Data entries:
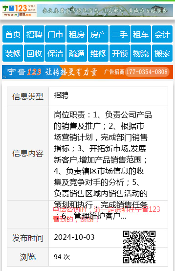 岗位职责:1、负责公司产品的销售及推广;2、根据市场营销计划,完成部门销售指标;3、开拓新市场,发展新客户,增加产品销售范围;4、负责辖区市场信息的收集及竞争对手的分析;5、负责销售区域内销售活动的策划和执行,完成销售任务;6、管理维护客户关系以及客户间的长期战略合作计划。任职资格:1、市场营销等相关专业;2、1-2年以上销售行业工作经验,业绩突出者优先;3、反应敏捷、表达能力强,具有较强的沟通能力及交际技巧,具有亲和力;4、具备一定的市场分析及判断能力,良好的客户服务意识;5、有责任心,能承受较大的工作压力;6、有团队协作精神,善于挑战。工作时间:早7:30晚6曹经理15804640833 【电话咨询时,请一定说明在七台河信息网看到的,谢谢!】 |
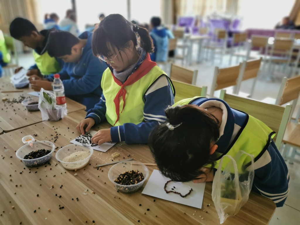 认五谷,做五谷画:五谷作为粮食作物的典型代表,在我国历史源远流长,而当下的青少年很少有人能分清五谷,此活动为学生打开了了解五谷文化的窗口。
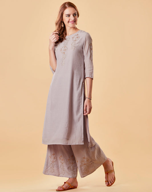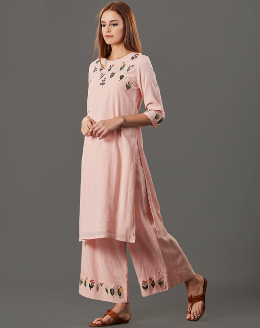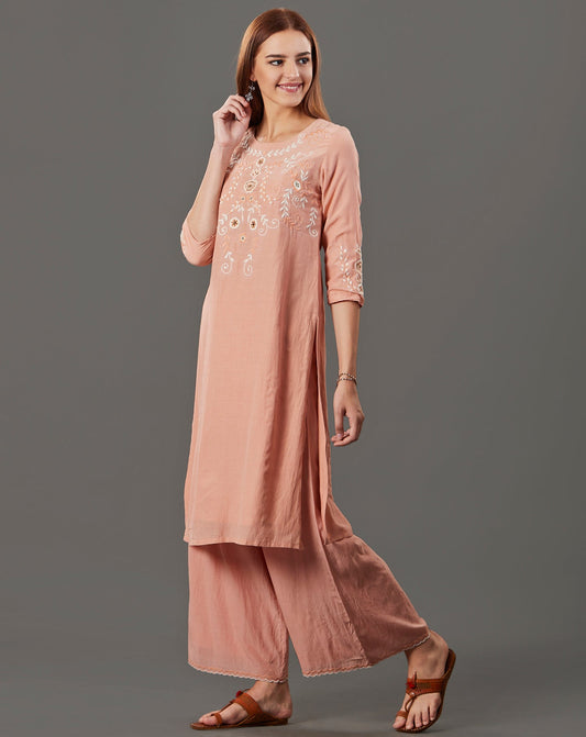 PEACH EMBROIDERED COTTON SILK KURTA WITH PALAZZO
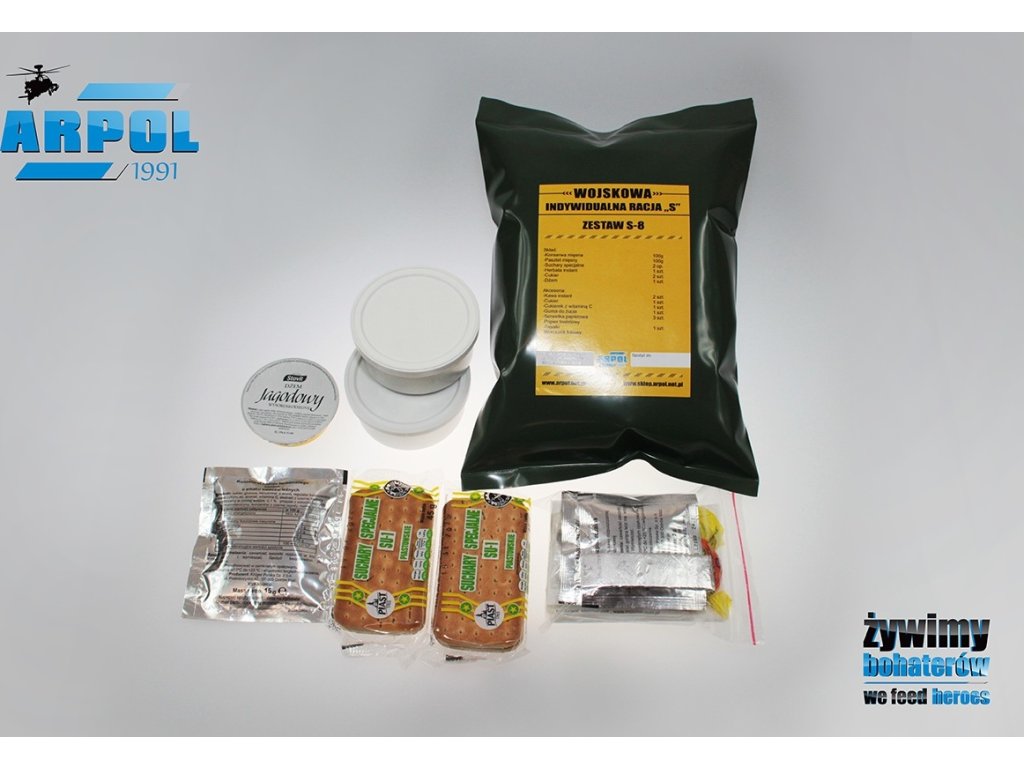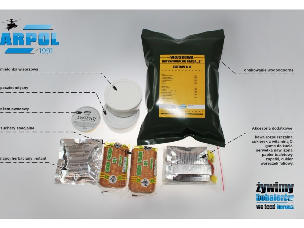 Kvalitní potravinový příděl suchých potravin na cesty: Individuální vojenská dávka "S" , vyrobený zakázkově z prvotřídních surovin pro naší společnost renomovaným polským výrobcem ARPOL®.
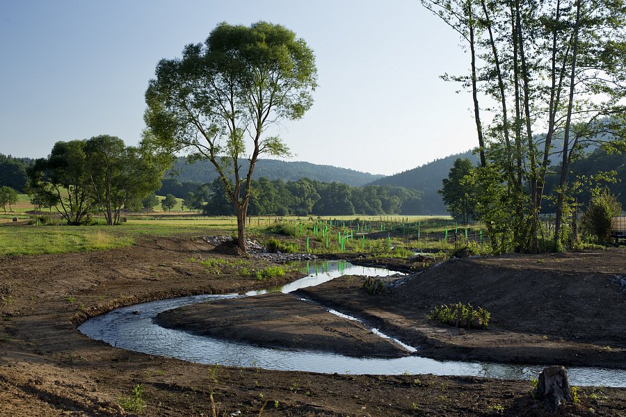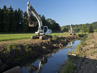 Předmětem díla byla revitalizace koryta vodního toku říčky Loděnice délky 1840 m, a to od silničního mostu v obci Nenačovice až po napojení na stávající koryto pod Kalousovo mlýnem. Principem úprav byl návrat k přirozenému rozvolněnému a členitému charakteru vodního toku. V rámci díla byly v zájmovém území prováděny rozsáhlé zemní práce a záhozy lomovým kamenem, doplněny průtočné a neprůtočné tůně, brod, skluz a významné vegetační úpravy. Celková plocha trvale dotčených pozemků pásu revitalizovaného koryta činí cca 37 500 m2. |
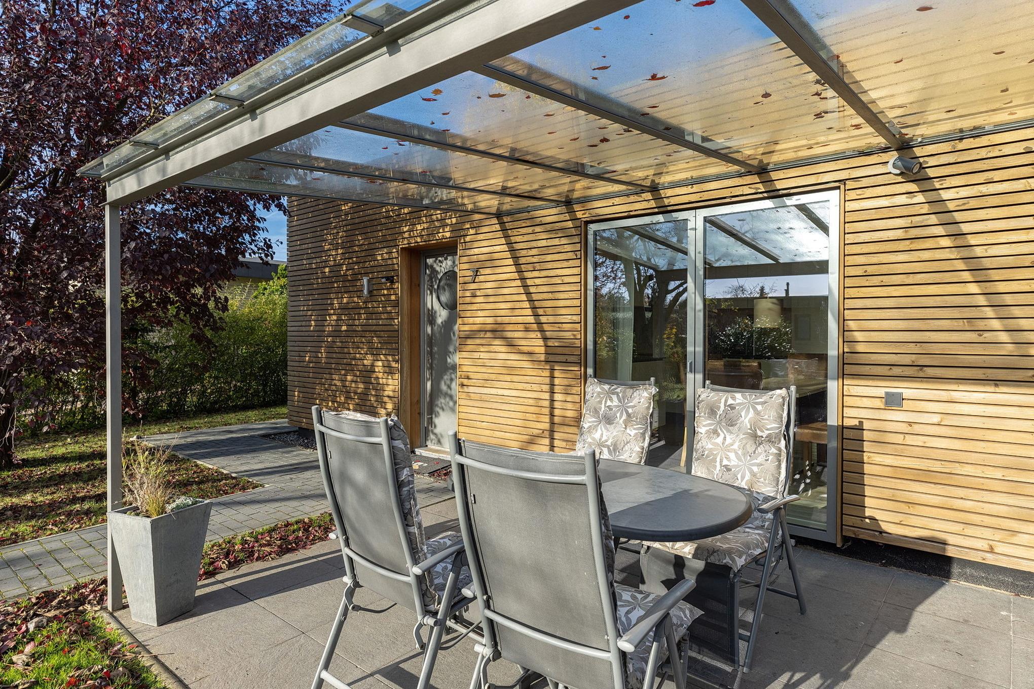 PKW-Stellplatz auf dem Grundstück, Terrasse in südliche Richtung. Waschmaschine, Bobbycar zur kostenlosen Nutzung.
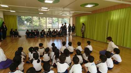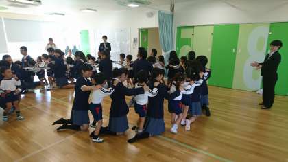 昨日から、家庭科の授業で、衣笠幼稚園・衣笠こども園様のご協力を得て「保育実習」が始まりました。手作りの名札と夏休みに製作したおもちゃを持参し園児との交流を行いました。最初はお互いに緊張気味でしたが、「じゃんけん列車」「おもちゃ遊び」と交流が進むにつれて笑顔があふれて優しい表情につつまれました。
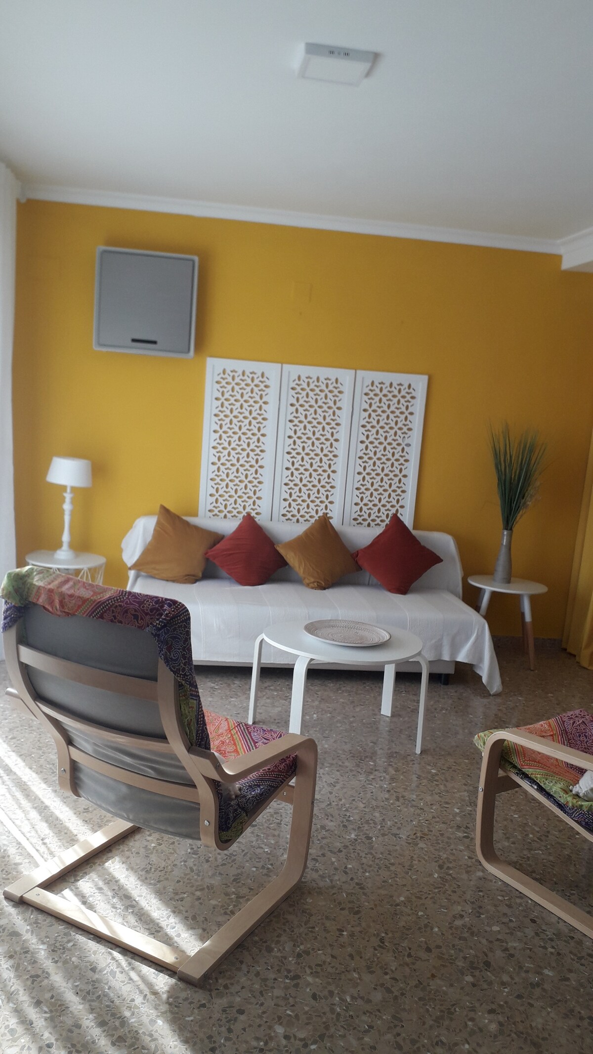 Ideal para 4 personas, con estancia de dos habitaciones, una abuhardillada, terraza exterior y baño, de manera que el disfrute y la privacidad están garantizados. El estudio dispone de dos terrazas privadas con Vistas al Mar y a la Playa Patacona. La Ciudad de las Artes y las Ciencias se encuentra a 5 km y el aeropuerto de Valencia, a 18 km del alojamiento.
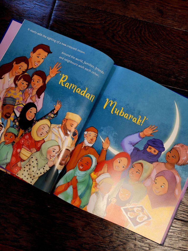 This book is beautifully illustrated and textually worded. The mixed race family, the gentle and whimsical tone of the story is so heartwarming. The relatability of Muslim kids similar ages to Deenie is so accurately displayed through the story. She finds it difficult to fast initially, but as days pass, and she finds beauty in the things around her to pass her time, her fasting days get easier.
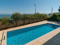 Salon otwiera się na przestronny taras z basenem i tarasem słonecznym, z pięknym widokiem na morze.
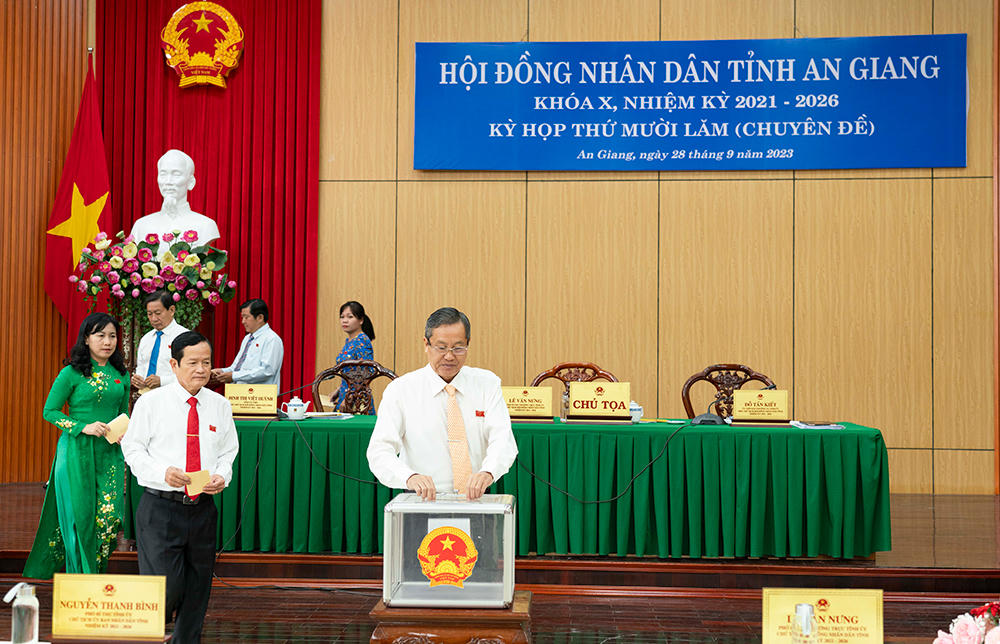 Các đại biểu bỏ phiếu bầu bổ sung chức danh Ủy viên UBND tỉnh An Giang, nhiệm kỳ 2021-2026 |
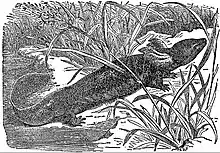 Different accounts offer wide-ranging descriptions of the creature.[2][3] One of the earliest and most famous accounts by a local man named J.A. Johnson described an animal that was dull grey or brown and similar to an alligator, but much larger and heavier with a horn between its eyes and nostrils.[2][3] Johnson and two others claimed to see the monster from twenty yards away and the men estimated the creature to be about forty feet long.[2][3] Other reported sightings claim that the creature was similar to a very large catfish or mudpuppy.[2] The Nebraska State Historical Society reports that contemporary accounts believed Johnson actually saw an unusually large beaver.[2]
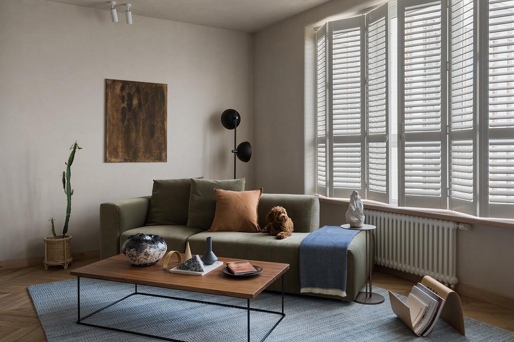 Штукатурка песочного оттенка для текстурного и теплого фона, зеленые и голубые акценты в текстиле, отделке и аксессуарах, натуральное дерево на полу, белые шаттерсы на окнах — все это создает ощущение спокойствия, прибрежного уюта.
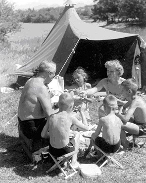 60 Jahre DCC – 60 Jahre Camping in Deutschland Der erste Präsident des DCC, Dr. Max Eckert, mit seiner Familie 1949 bei der ersten vom DCC organisierten Rallyeveranstaltung am Staffelsee in Bayern. (Foto:privat)(hr) (md) Sein 60-jähriges Bestehen feiert der Deutsche Camping Club (DCC) im Rahmen des Caravan Salon in Düsseldorf.
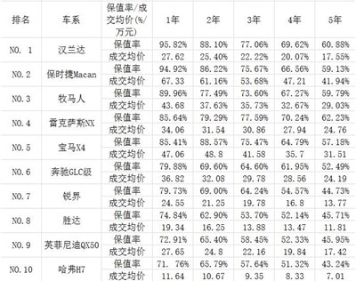 在中型SUV里面,排在保值率排行榜前十的分別是漢蘭達(dá)、保時(shí)捷Macan牧馬人、雷克薩斯NX、寶馬X4、奔馳GLC、銳界勝達(dá)、英菲尼迪QX50哈弗H7。
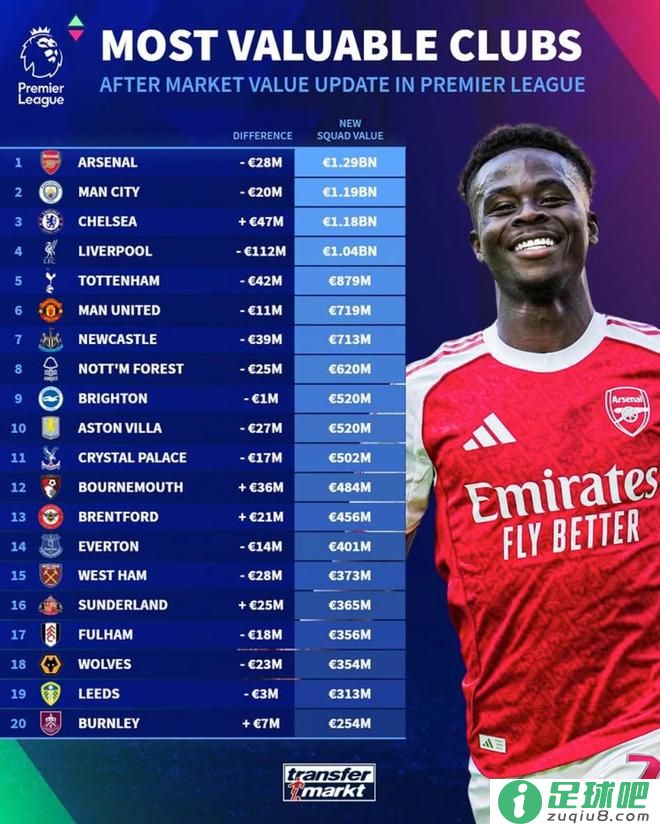 德转英超俱乐部身价排名:阿森纳12.9亿第1、曼城切尔西二三位

PROBLEM — Print, with pictures removed, exactly the lines of the records above from the top through the line containing "Kvalitní potravinový příděl".

YOUR SOLUTION —
 岗位职责:1、负责公司产品的销售及推广;2、根据市场营销计划,完成部门销售指标;3、开拓新市场,发展新客户,增加产品销售范围;4、负责辖区市场信息的收集及竞争对手的分析;5、负责销售区域内销售活动的策划和执行,完成销售任务;6、管理维护客户关系以及客户间的长期战略合作计划。任职资格:1、市场营销等相关专业;2、1-2年以上销售行业工作经验,业绩突出者优先;3、反应敏捷、表达能力强,具有较强的沟通能力及交际技巧,具有亲和力;4、具备一定的市场分析及判断能力,良好的客户服务意识;5、有责任心,能承受较大的工作压力;6、有团队协作精神,善于挑战。工作时间:早7:30晚6曹经理15804640833 【电话咨询时,请一定说明在七台河信息网看到的,谢谢!】 |
 认五谷,做五谷画:五谷作为粮食作物的典型代表,在我国历史源远流长,而当下的青少年很少有人能分清五谷,此活动为学生打开了了解五谷文化的窗口。
 PEACH EMBROIDERED COTTON SILK KURTA WITH PALAZZO
 Kvalitní potravinový příděl suchých potravin na cesty: Individuální vojenská dávka "S" , vyrobený zakázkově z prvotřídních surovin pro naší společnost renomovaným polským výrobcem ARPOL®.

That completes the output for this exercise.